→ Supplied material
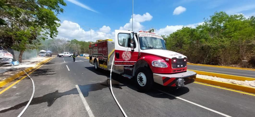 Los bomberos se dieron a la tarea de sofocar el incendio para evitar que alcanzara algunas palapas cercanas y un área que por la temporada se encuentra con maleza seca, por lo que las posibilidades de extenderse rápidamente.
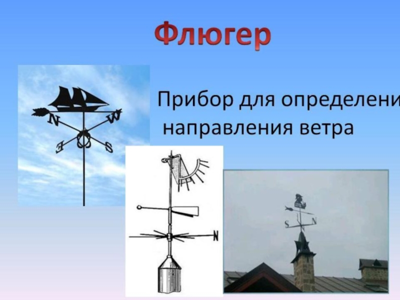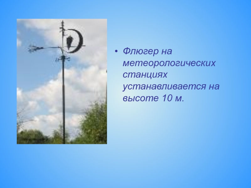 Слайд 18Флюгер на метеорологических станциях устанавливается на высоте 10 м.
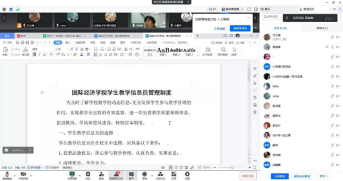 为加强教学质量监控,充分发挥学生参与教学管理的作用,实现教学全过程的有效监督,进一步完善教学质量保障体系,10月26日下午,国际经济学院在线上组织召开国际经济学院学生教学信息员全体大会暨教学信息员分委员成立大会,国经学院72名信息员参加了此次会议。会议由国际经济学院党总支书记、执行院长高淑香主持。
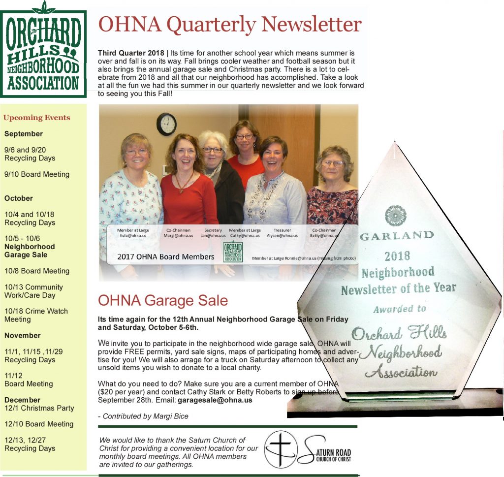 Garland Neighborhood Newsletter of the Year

→ Exercise instructions
Would you output the data exactly, without any of its images?

→ Solution to this problem
 Los bomberos se dieron a la tarea de sofocar el incendio para evitar que alcanzara algunas palapas cercanas y un área que por la temporada se encuentra con maleza seca, por lo que las posibilidades de extenderse rápidamente.
 Слайд 18Флюгер на метеорологических станциях устанавливается на высоте 10 м.
 为加强教学质量监控,充分发挥学生参与教学管理的作用,实现教学全过程的有效监督,进一步完善教学质量保障体系,10月26日下午,国际经济学院在线上组织召开国际经济学院学生教学信息员全体大会暨教学信息员分委员成立大会,国经学院72名信息员参加了此次会议。会议由国际经济学院党总支书记、执行院长高淑香主持。
 Garland Neighborhood Newsletter of the Year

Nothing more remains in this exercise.